Task to complete: Please transcribe the listing that follows exactly; images are to be excluded.

Data extracts:
————————

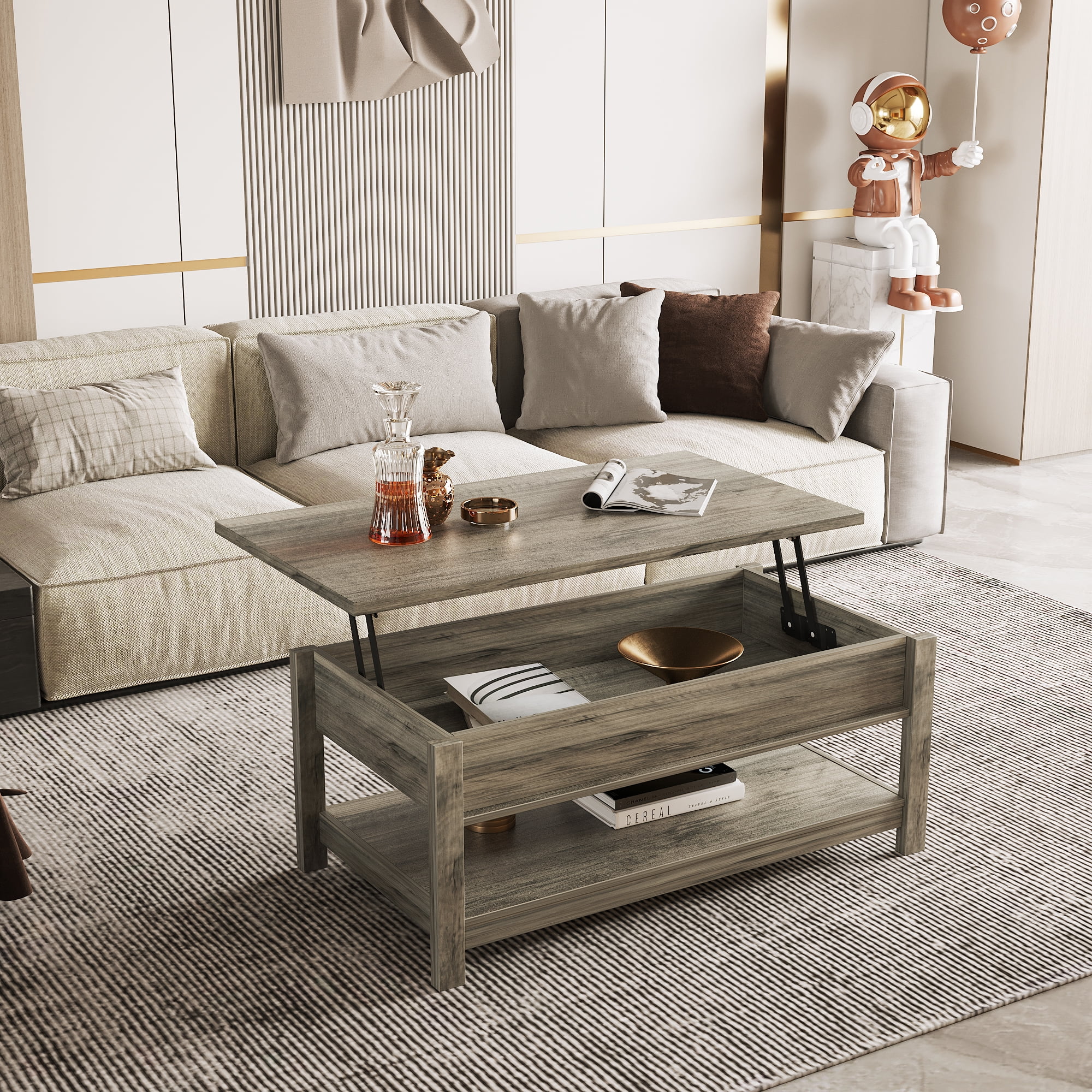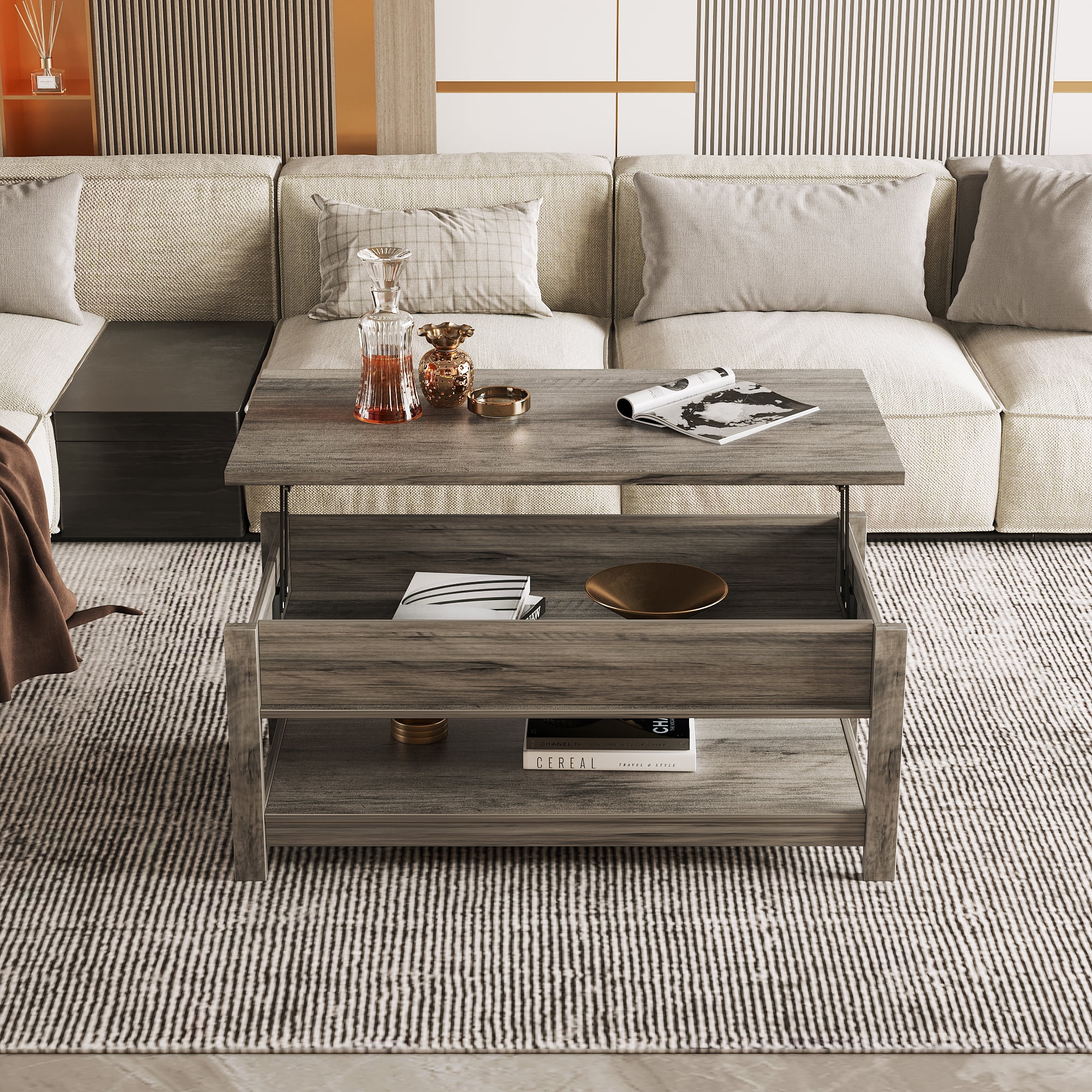 This 3 in 1 Multi-Function Coffee Table is the perfect addition to any living space. making it ideal for hosting guests or enjoying meals. The tabletop of this coffee table can be effortlessly elevated to a comfortable height to create a spacious workspace or dining surface while you’re sitting on the sofa. A hidden storage compartment beneath the top keeps your everyday items like laptop, remote controllers, game controllers handy and dirt-free. The spacious open shelf holds storage blankets, books, snacks and knick-knacks just fine.This practical table is definitely a worthwhile investment. lift top coffee table with solid construction and selected materials, this coffee table will not wobble once correctly assembled.The heavy-duty metal mechanism allows smooth and easy operation.Made with high-quality materials, this coffee table is designed to withstand regular use and provide long-lasting durability. The coffee table is easy to assemble, with detailed instructions included. You can have it up and ready to use in no time, adding convenience and practicality to your home.
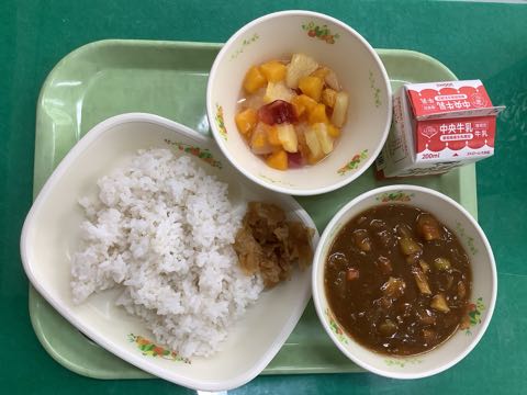 麦ご飯 牛乳シーフードカレーぶどうゼリーのフルーツポンチ福神漬け
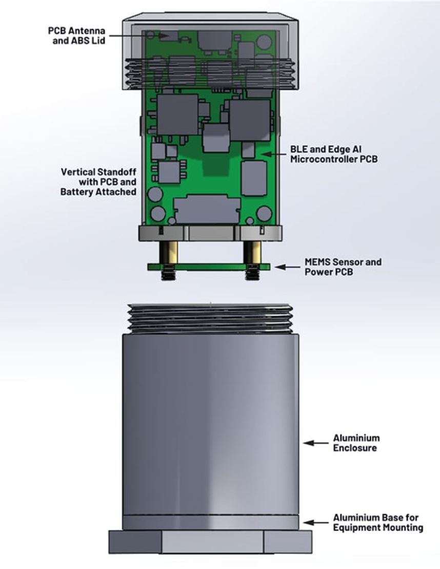 该套件的印刷电路板 (PCB) 上安装了 ADI IC 和其他组件(图 2),具体包括 ADXL382 和 ADXL367 三轴数字输出 MEMS 传感器、BLE MAX32666MAX78000 AI 微控制器、PMIC MAX20335 以及功率器件 MAX17262 和 MAX38642。已装配好的印刷电路板垂直安装在铝制底座上,电池连接在支座上。该装配好的 PCB 垂直安装在铝底座上,电池则固定在一个支座上。底座上还有一个 M6 螺纹孔,用于将螺柱安装到电机外壳上。然后,整个装置被封装在一个直径 46 mm、高 77 mm 的铝制外壳中。
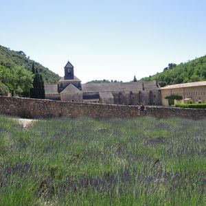 その後横の道を入り、坂を下りて訪ねたのはセナンク修道院。修道院のラベンダー畑の中に、12世紀創建当時のロマネスク様式の修道院が建っています。残念なことにラベンダー畑はシーズンを外してしまい、花の大半は終わってしまっていました。
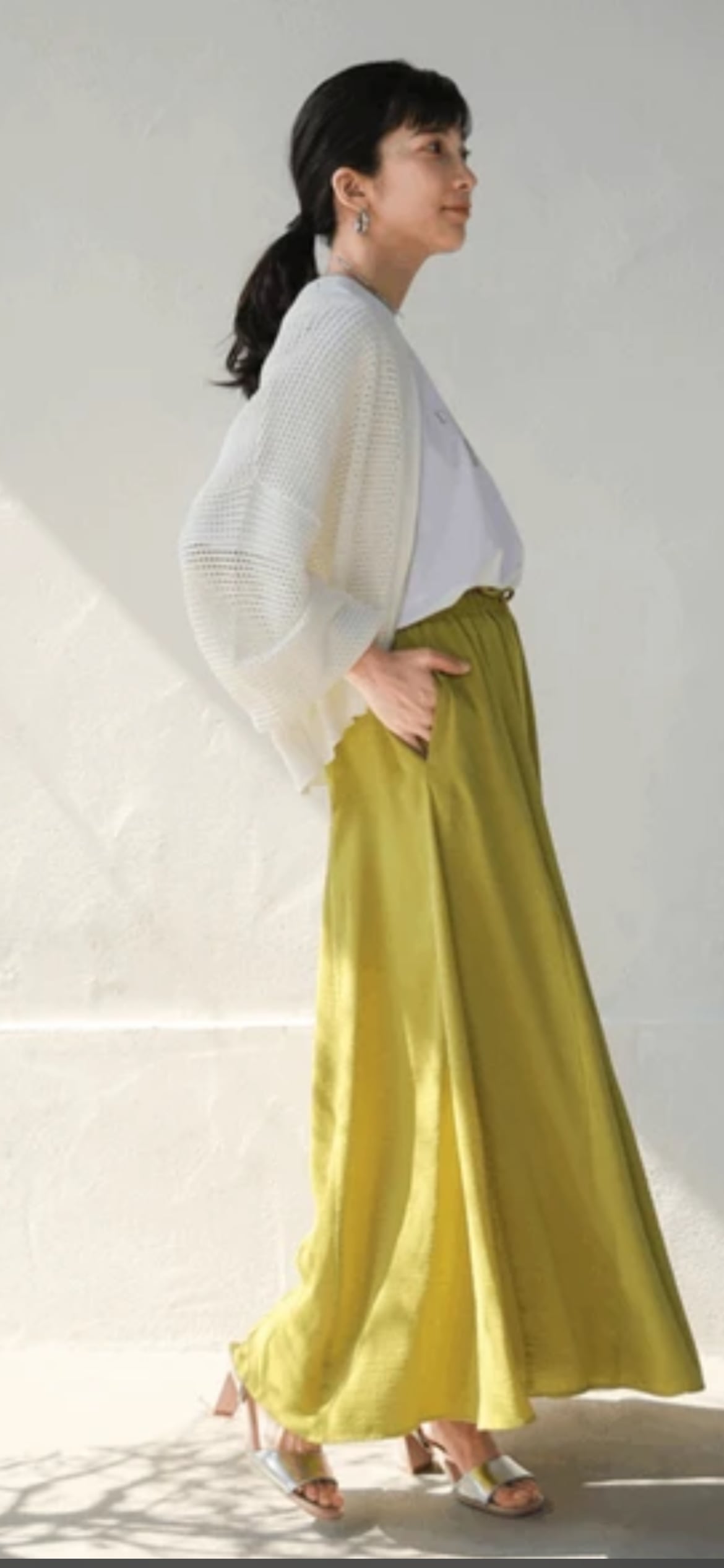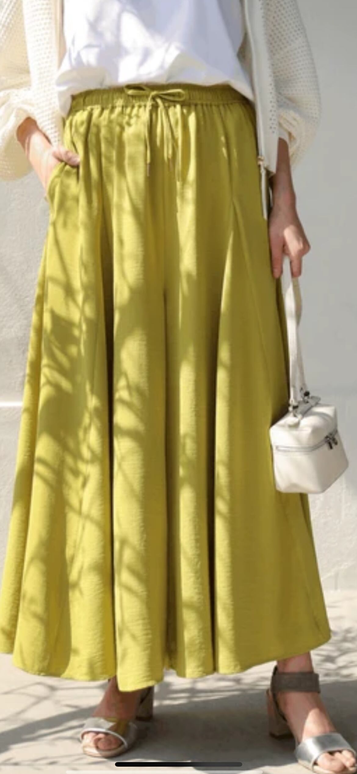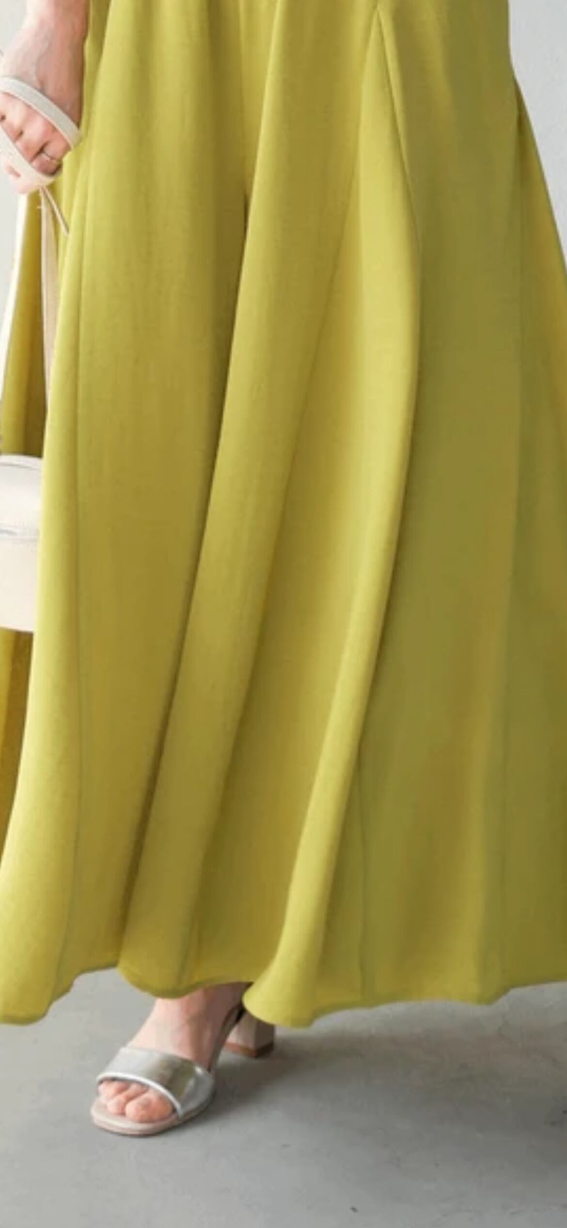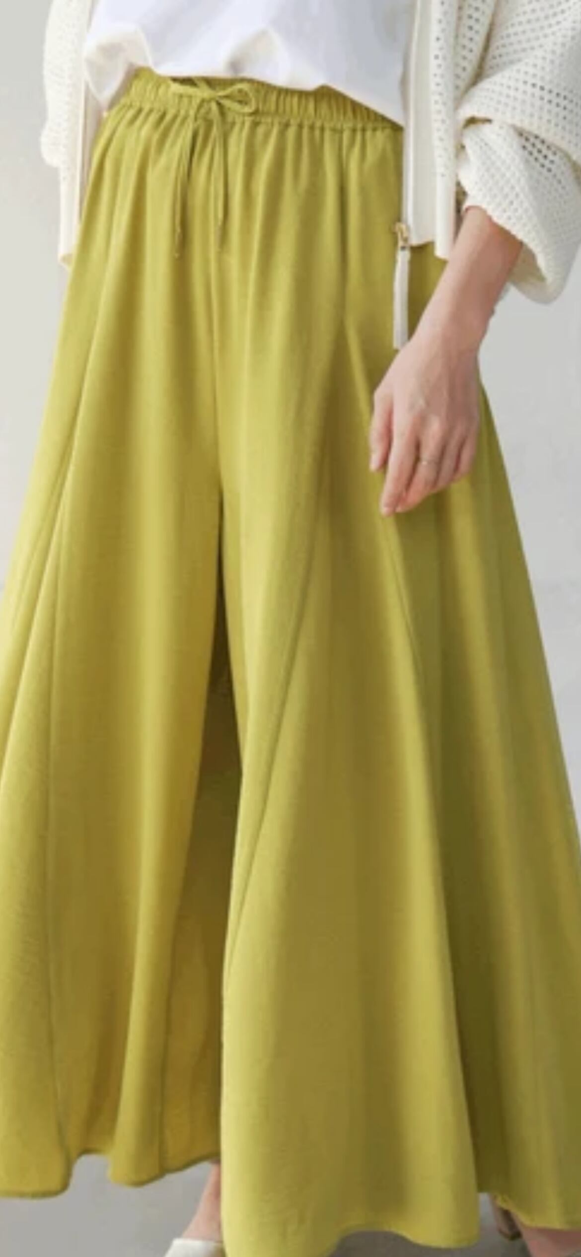ボディラインを拾いにくいゆったりとしたシルエットのパンツながら、切替で裾のボリュームがたっぷりとあるのでスカート見えして女性らしい印象に。

————————

Solution to the exercise:
 This 3 in 1 Multi-Function Coffee Table is the perfect addition to any living space. making it ideal for hosting guests or enjoying meals. The tabletop of this coffee table can be effortlessly elevated to a comfortable height to create a spacious workspace or dining surface while you’re sitting on the sofa. A hidden storage compartment beneath the top keeps your everyday items like laptop, remote controllers, game controllers handy and dirt-free. The spacious open shelf holds storage blankets, books, snacks and knick-knacks just fine.This practical table is definitely a worthwhile investment. lift top coffee table with solid construction and selected materials, this coffee table will not wobble once correctly assembled.The heavy-duty metal mechanism allows smooth and easy operation.Made with high-quality materials, this coffee table is designed to withstand regular use and provide long-lasting durability. The coffee table is easy to assemble, with detailed instructions included. You can have it up and ready to use in no time, adding convenience and practicality to your home.
 麦ご飯 牛乳シーフードカレーぶどうゼリーのフルーツポンチ福神漬け
 该套件的印刷电路板 (PCB) 上安装了 ADI IC 和其他组件(图 2),具体包括 ADXL382 和 ADXL367 三轴数字输出 MEMS 传感器、BLE MAX32666MAX78000 AI 微控制器、PMIC MAX20335 以及功率器件 MAX17262 和 MAX38642。已装配好的印刷电路板垂直安装在铝制底座上,电池连接在支座上。该装配好的 PCB 垂直安装在铝底座上,电池则固定在一个支座上。底座上还有一个 M6 螺纹孔,用于将螺柱安装到电机外壳上。然后,整个装置被封装在一个直径 46 mm、高 77 mm 的铝制外壳中。
 その後横の道を入り、坂を下りて訪ねたのはセナンク修道院。修道院のラベンダー畑の中に、12世紀創建当時のロマネスク様式の修道院が建っています。残念なことにラベンダー畑はシーズンを外してしまい、花の大半は終わってしまっていました。
ボディラインを拾いにくいゆったりとしたシルエットのパンツながら、切替で裾のボリュームがたっぷりとあるのでスカート見えして女性らしい印象に。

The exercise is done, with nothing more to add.